Task to complete:
Please copy each line of the listing below precisely, excluding the images.

Dataset section:
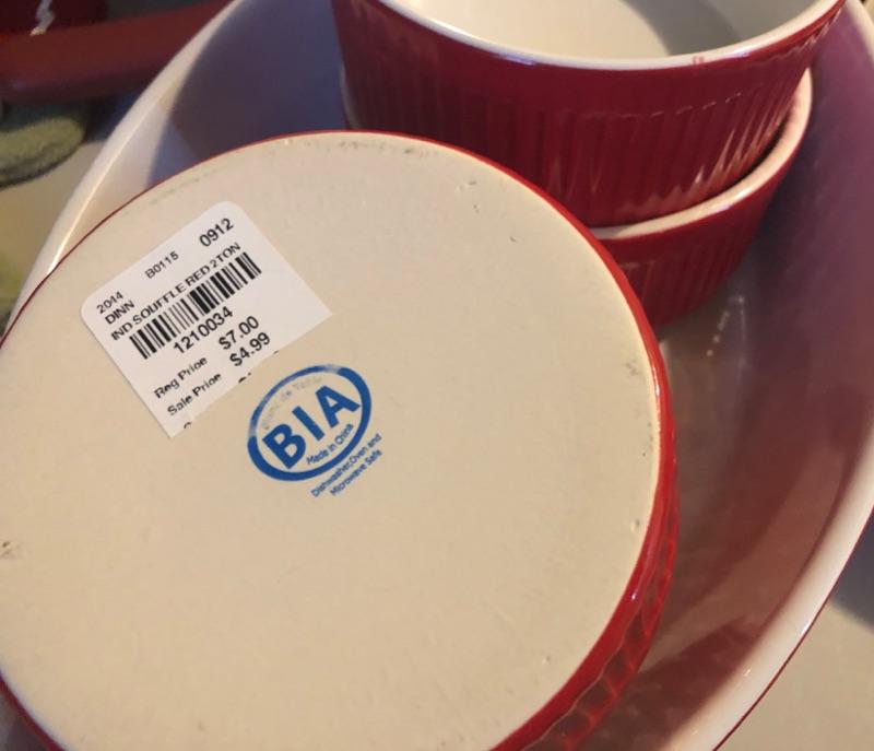 9 Red Porcelain Baking Dishes and Kitchen Aid Roller - Apple Dish, 4 BIA Porcelain Baking Dishes (small), 3 Home Stoneware Porcelain Baking Dishes - Lot 511
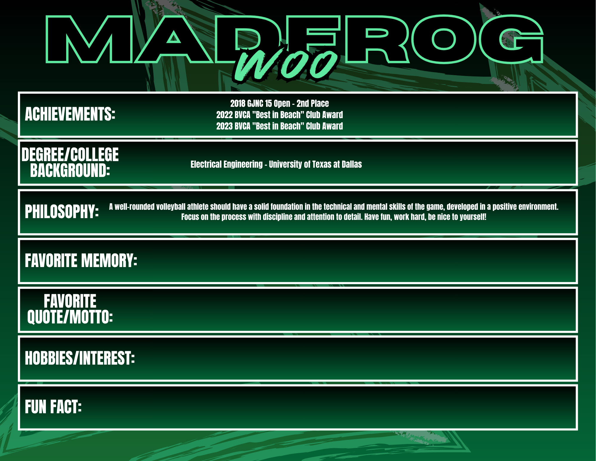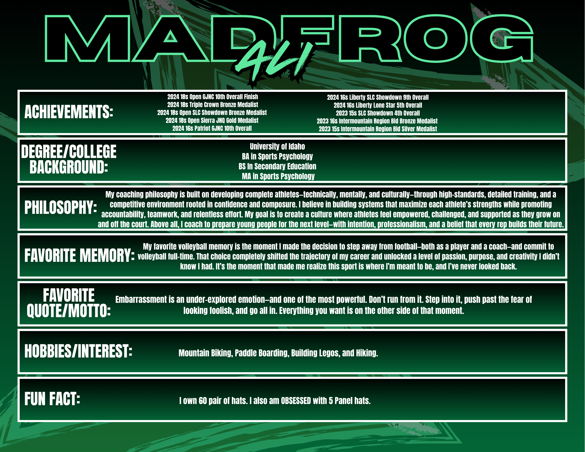 The leadership of the MadFrog is unmatched. They truly care about the athletes and their coaches. The leadership and the club have great values, and the club provides ample opportunities for coaches and athletes to improve. I love the elite level of MadFrog, but how the entire coaching staff and leadership are family and they are always their supporting each other on and off the court.
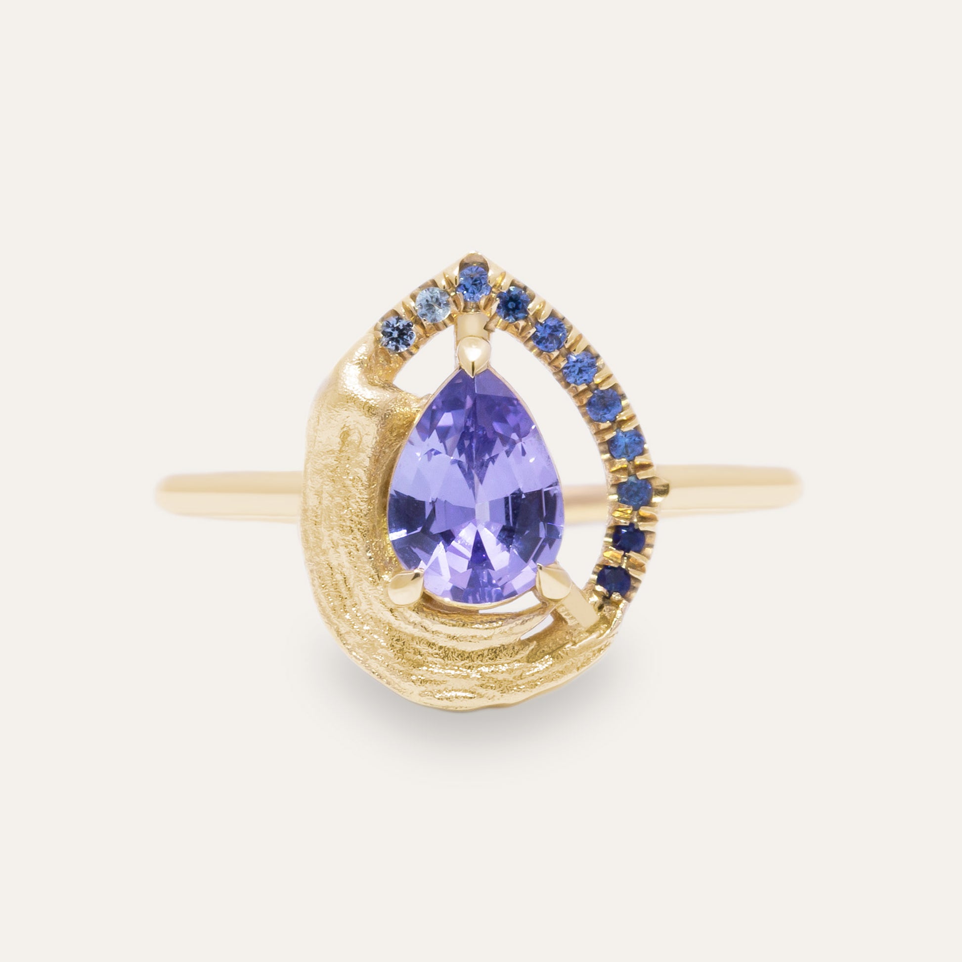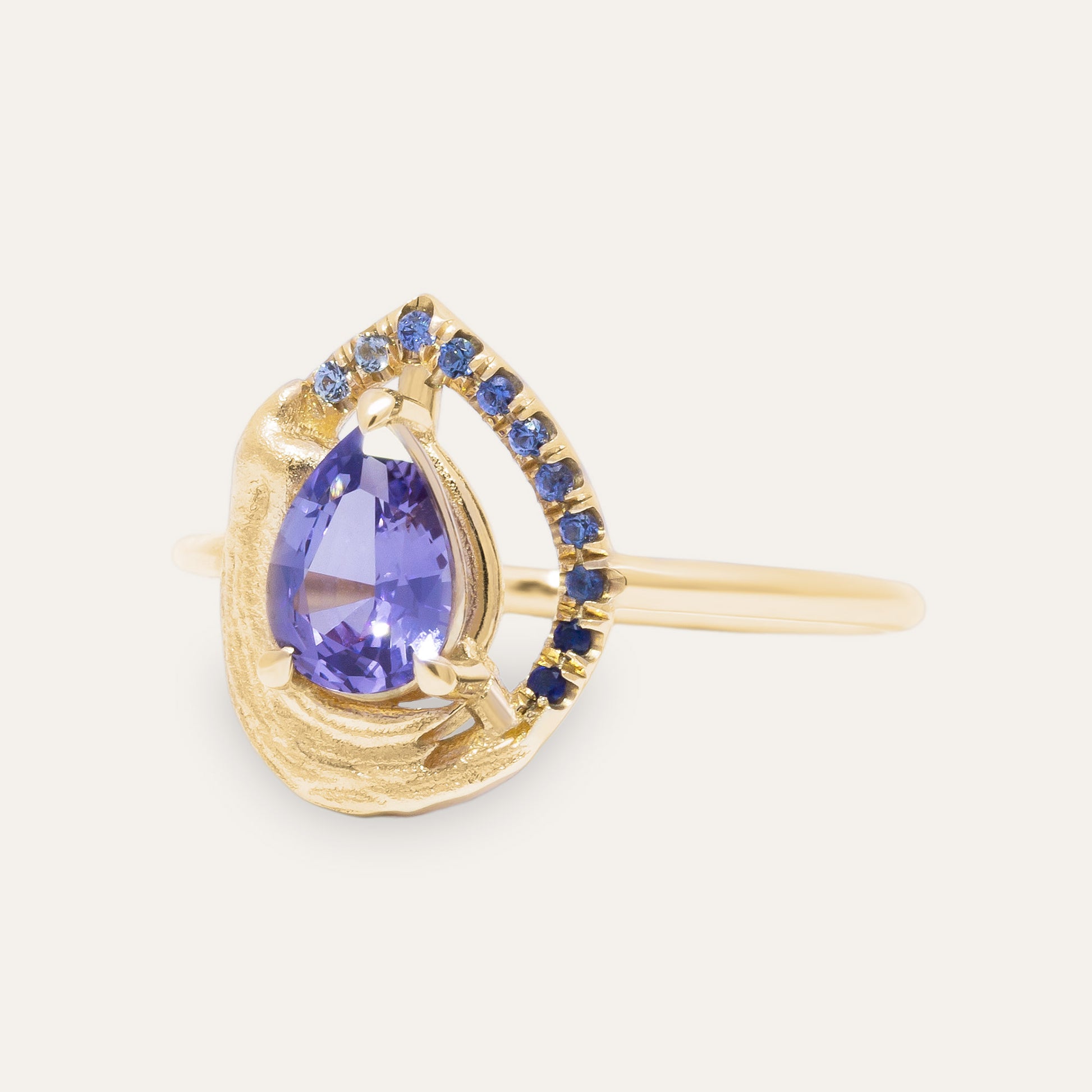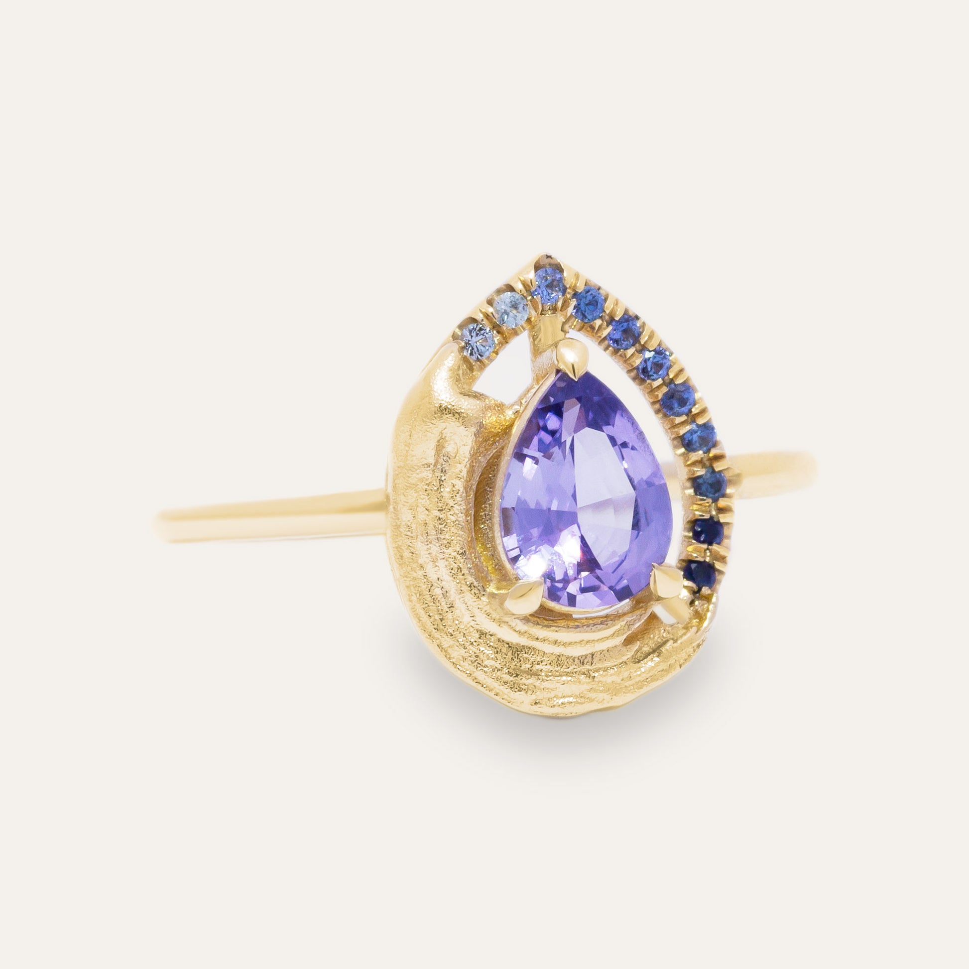 Anthraquinone is a singular masterpiece, representing artistic expression. Its bold, single-brushstroke texture echoes the deliberate strokes of a painter’s hand, while a gradient of blue sapphires elegantly frames the centerpiece – a purple, brilliant-cut pear-shaped sapphire. This unconventional halo serves as a vivid testament to individuality and beauty beyond tradition, celebrating the artistry of the extraordinary.

Written solution:
 9 Red Porcelain Baking Dishes and Kitchen Aid Roller - Apple Dish, 4 BIA Porcelain Baking Dishes (small), 3 Home Stoneware Porcelain Baking Dishes - Lot 511
 The leadership of the MadFrog is unmatched. They truly care about the athletes and their coaches. The leadership and the club have great values, and the club provides ample opportunities for coaches and athletes to improve. I love the elite level of MadFrog, but how the entire coaching staff and leadership are family and they are always their supporting each other on and off the court.
 Anthraquinone is a singular masterpiece, representing artistic expression. Its bold, single-brushstroke texture echoes the deliberate strokes of a painter’s hand, while a gradient of blue sapphires elegantly frames the centerpiece – a purple, brilliant-cut pear-shaped sapphire. This unconventional halo serves as a vivid testament to individuality and beauty beyond tradition, celebrating the artistry of the extraordinary.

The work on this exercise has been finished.